==== Data provided ====

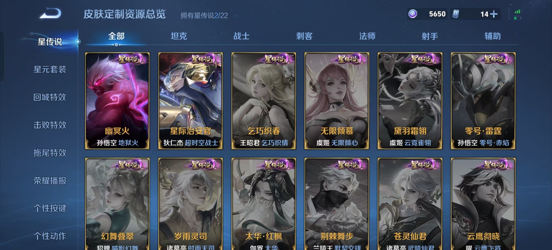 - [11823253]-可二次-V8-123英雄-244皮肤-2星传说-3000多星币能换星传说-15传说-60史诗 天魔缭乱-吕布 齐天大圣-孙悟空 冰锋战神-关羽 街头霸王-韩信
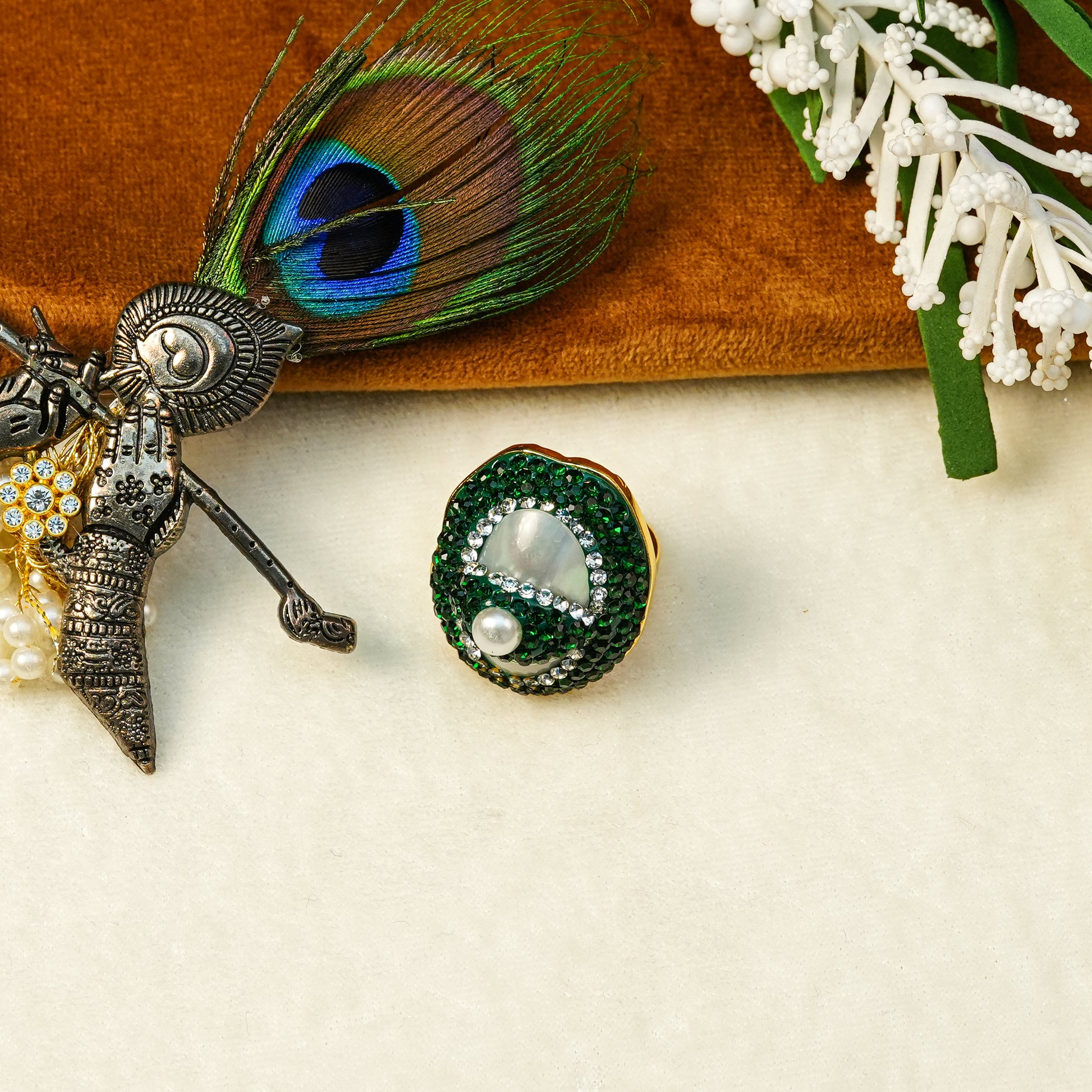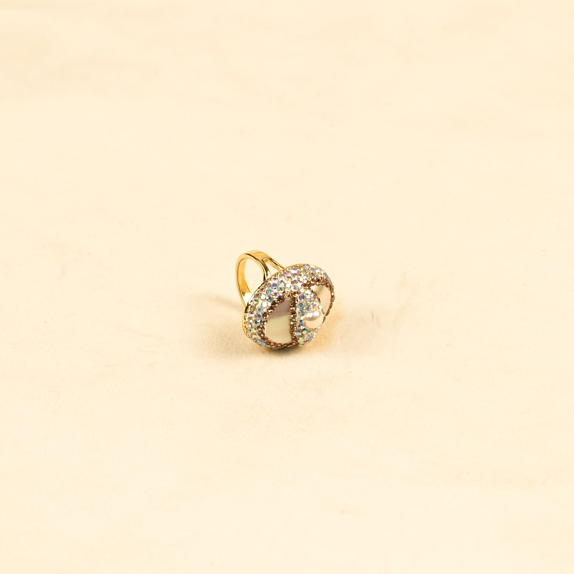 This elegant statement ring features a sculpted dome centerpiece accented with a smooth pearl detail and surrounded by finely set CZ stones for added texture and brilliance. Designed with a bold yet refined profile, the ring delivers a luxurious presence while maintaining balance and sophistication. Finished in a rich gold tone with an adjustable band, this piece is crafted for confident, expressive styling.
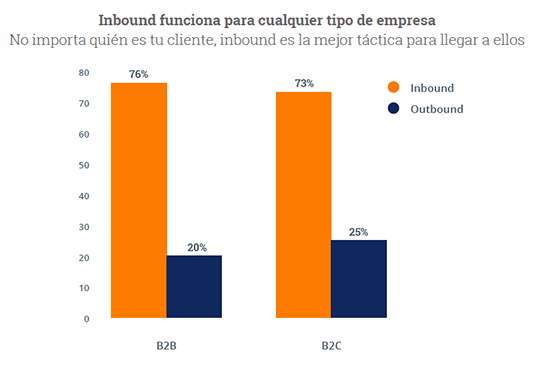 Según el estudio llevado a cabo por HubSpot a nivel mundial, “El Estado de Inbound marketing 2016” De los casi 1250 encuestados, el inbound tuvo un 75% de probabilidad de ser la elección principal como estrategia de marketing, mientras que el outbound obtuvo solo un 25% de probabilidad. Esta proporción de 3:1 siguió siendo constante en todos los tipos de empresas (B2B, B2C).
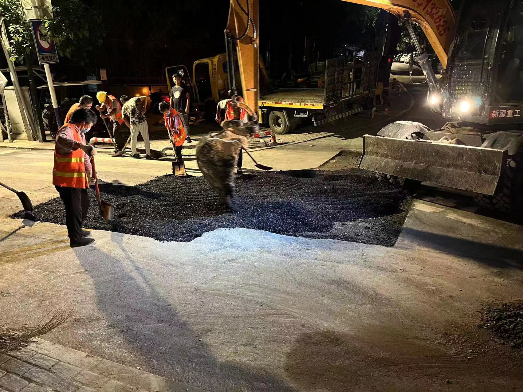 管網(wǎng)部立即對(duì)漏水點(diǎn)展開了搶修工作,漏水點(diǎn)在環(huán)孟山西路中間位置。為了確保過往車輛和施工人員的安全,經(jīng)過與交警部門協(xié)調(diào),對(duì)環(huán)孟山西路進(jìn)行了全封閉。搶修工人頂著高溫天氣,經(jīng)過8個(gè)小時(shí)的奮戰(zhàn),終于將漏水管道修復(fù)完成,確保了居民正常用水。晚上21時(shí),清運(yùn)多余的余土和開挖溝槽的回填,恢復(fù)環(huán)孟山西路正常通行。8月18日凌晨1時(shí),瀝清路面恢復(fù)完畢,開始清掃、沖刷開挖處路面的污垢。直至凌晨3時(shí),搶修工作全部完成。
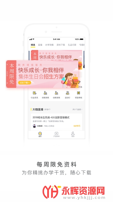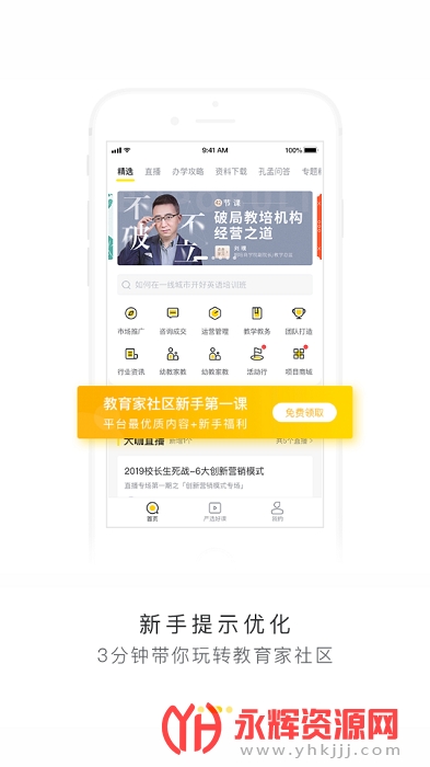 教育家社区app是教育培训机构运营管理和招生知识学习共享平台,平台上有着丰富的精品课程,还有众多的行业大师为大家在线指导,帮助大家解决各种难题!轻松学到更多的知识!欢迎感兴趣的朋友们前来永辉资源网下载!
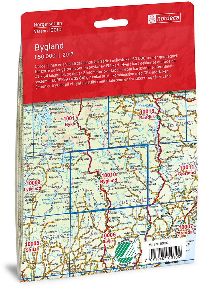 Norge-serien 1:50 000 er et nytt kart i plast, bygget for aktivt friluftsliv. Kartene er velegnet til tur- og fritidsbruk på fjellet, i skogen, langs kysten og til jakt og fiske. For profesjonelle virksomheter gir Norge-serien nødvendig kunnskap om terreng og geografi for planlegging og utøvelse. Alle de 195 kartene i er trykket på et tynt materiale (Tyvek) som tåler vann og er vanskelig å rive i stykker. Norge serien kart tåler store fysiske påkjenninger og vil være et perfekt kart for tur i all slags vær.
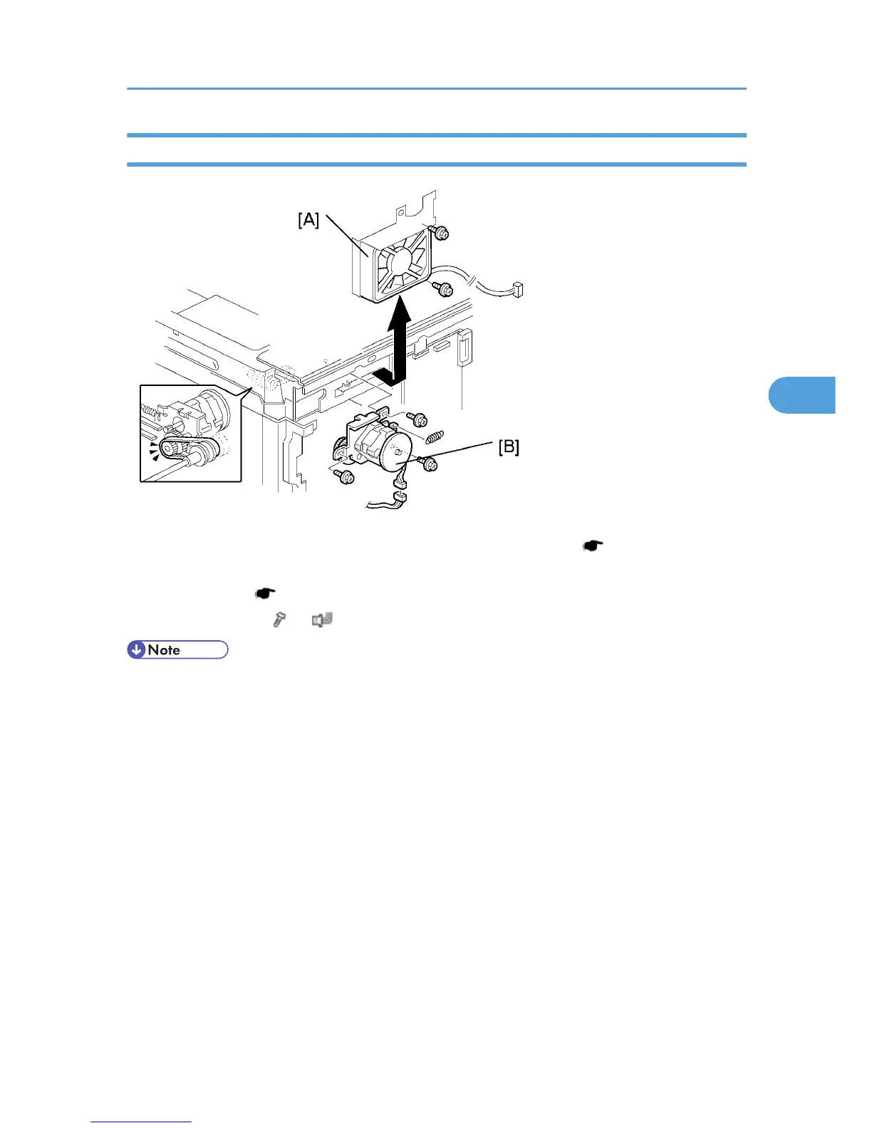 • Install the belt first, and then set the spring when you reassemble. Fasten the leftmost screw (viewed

====

- [Exercise goal] The response should consist of the entries above, given again exactly and free of pictures.

- [Output for this exercise]
 - [11823253]-可二次-V8-123英雄-244皮肤-2星传说-3000多星币能换星传说-15传说-60史诗 天魔缭乱-吕布 齐天大圣-孙悟空 冰锋战神-关羽 街头霸王-韩信
 This elegant statement ring features a sculpted dome centerpiece accented with a smooth pearl detail and surrounded by finely set CZ stones for added texture and brilliance. Designed with a bold yet refined profile, the ring delivers a luxurious presence while maintaining balance and sophistication. Finished in a rich gold tone with an adjustable band, this piece is crafted for confident, expressive styling.
 Según el estudio llevado a cabo por HubSpot a nivel mundial, “El Estado de Inbound marketing 2016” De los casi 1250 encuestados, el inbound tuvo un 75% de probabilidad de ser la elección principal como estrategia de marketing, mientras que el outbound obtuvo solo un 25% de probabilidad. Esta proporción de 3:1 siguió siendo constante en todos los tipos de empresas (B2B, B2C).
 管網(wǎng)部立即對(duì)漏水點(diǎn)展開了搶修工作,漏水點(diǎn)在環(huán)孟山西路中間位置。為了確保過往車輛和施工人員的安全,經(jīng)過與交警部門協(xié)調(diào),對(duì)環(huán)孟山西路進(jìn)行了全封閉。搶修工人頂著高溫天氣,經(jīng)過8個(gè)小時(shí)的奮戰(zhàn),終于將漏水管道修復(fù)完成,確保了居民正常用水。晚上21時(shí),清運(yùn)多余的余土和開挖溝槽的回填,恢復(fù)環(huán)孟山西路正常通行。8月18日凌晨1時(shí),瀝清路面恢復(fù)完畢,開始清掃、沖刷開挖處路面的污垢。直至凌晨3時(shí),搶修工作全部完成。
 教育家社区app是教育培训机构运营管理和招生知识学习共享平台,平台上有着丰富的精品课程,还有众多的行业大师为大家在线指导,帮助大家解决各种难题!轻松学到更多的知识!欢迎感兴趣的朋友们前来永辉资源网下载!
 Norge-serien 1:50 000 er et nytt kart i plast, bygget for aktivt friluftsliv. Kartene er velegnet til tur- og fritidsbruk på fjellet, i skogen, langs kysten og til jakt og fiske. For profesjonelle virksomheter gir Norge-serien nødvendig kunnskap om terreng og geografi for planlegging og utøvelse. Alle de 195 kartene i er trykket på et tynt materiale (Tyvek) som tåler vann og er vanskelig å rive i stykker. Norge serien kart tåler store fysiske påkjenninger og vil være et perfekt kart for tur i all slags vær.
 • Install the belt first, and then set the spring when you reassemble. Fasten the leftmost screw (viewed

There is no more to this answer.